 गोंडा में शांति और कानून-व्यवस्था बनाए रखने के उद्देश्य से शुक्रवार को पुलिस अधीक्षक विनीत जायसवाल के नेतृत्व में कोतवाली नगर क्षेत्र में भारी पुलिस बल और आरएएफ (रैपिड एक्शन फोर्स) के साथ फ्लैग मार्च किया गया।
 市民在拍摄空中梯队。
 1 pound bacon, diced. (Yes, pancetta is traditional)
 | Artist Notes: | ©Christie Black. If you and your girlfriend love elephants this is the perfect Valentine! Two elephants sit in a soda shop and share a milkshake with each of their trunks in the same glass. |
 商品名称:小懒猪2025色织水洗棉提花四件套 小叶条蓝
+ + + +
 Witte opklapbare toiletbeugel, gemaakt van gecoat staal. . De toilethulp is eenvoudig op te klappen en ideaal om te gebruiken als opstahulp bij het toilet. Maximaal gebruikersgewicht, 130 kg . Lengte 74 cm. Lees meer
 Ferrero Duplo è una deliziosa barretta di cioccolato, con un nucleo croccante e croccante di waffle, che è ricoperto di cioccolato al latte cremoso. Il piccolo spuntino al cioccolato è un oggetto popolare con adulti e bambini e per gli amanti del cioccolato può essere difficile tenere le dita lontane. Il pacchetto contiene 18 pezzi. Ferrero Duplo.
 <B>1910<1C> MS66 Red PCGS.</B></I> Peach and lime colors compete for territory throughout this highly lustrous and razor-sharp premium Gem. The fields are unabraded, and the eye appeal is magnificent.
+ + + +
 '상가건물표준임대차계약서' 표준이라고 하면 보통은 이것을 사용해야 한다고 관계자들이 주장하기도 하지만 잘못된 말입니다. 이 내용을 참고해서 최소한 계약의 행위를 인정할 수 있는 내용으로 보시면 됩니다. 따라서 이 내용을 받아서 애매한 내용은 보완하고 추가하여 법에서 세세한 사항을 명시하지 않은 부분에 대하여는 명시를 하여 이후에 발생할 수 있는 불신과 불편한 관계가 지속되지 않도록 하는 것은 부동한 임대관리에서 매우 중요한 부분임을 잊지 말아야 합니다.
+ + + +
• _TASK OBJECTIVE_:
Scan the entries above. Copy each line that has the string "this".

• _ANSWER TO THE PROBLEM_:
 | Artist Notes: | ©Christie Black. If you and your girlfriend love elephants this is the perfect Valentine! Two elephants sit in a soda shop and share a milkshake with each of their trunks in the same glass. |
 <B>1910<1C> MS66 Red PCGS.</B></I> Peach and lime colors compete for territory throughout this highly lustrous and razor-sharp premium Gem. The fields are unabraded, and the eye appeal is magnificent.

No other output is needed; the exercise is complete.